Marc Benioff – Salesforce’s sensemaking and non-routine leader?

The following illuminating extract is from a Chief Executive interview with Marc Benioff, founder and co-CEO of the behemoth SaaS firm, Salesforce, as he discusses its stellar success. He says a lot about business and organisational culture, but his answers also say a lot about organisational sensemaking and leadership.

“You’re one of the few people who have gone from founder to enterprise CEO. You’ve had to continuously learn. How do you learn? How do you go to each level of leadership?”

‘We talk a lot about beginner’s mind. The Japanese have this great word, shoshin, this idea that everything has to be looked at anew. When we look at the pandemic, that was a moment where we all had to kind of say, “What’s really happening here, and how are we going to go forward?” Things that applied before no longer applied. The
way we worked didn’t apply.’

Put simply, Individual Sensemaking is the way that humans process information in order to create meaning from situations that they face. (What’s the story here….and, therefore, what do I do next?).

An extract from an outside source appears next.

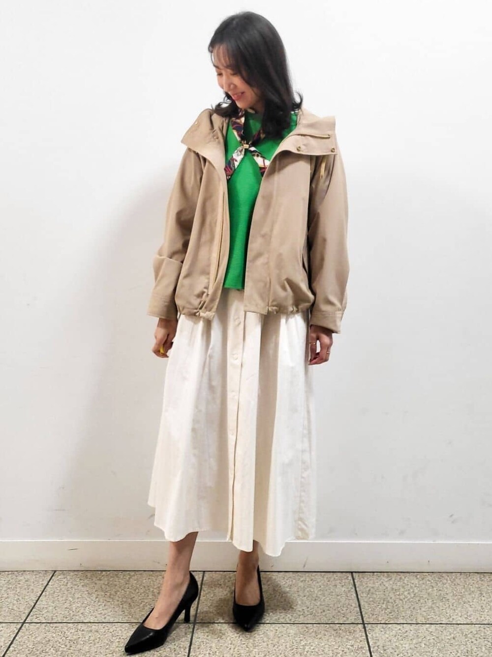 あや 160cm グリーンを差し色に春らしい コーディネートにしてみました。 ニットは紫外線を通しにくくしてくるのでこれからの時期に嬉しいですね✨

Put less simply, our brains sift situations for clues that fit past frames of reference (events) and then form tightly or loosely held meanings which enable people to make decisions and take actions. Organisational Sensemaking is the collective social processing of information, however incomplete, that results in the creation of meaning (not always shared equally), decision-making and actions.

Benioff may not have heard of sensemaking but, more importantly, he is enacting great sensemaking in the practice of leadership. This might come as something of a relief for Jeff Dickson in his call for Non-Routine Leadership:

‘It [sensemaking] has been absent from commercial contexts. This is curious, considering sensemaking’s superior value as the prerequisite skill for complex problem solving and decision making.’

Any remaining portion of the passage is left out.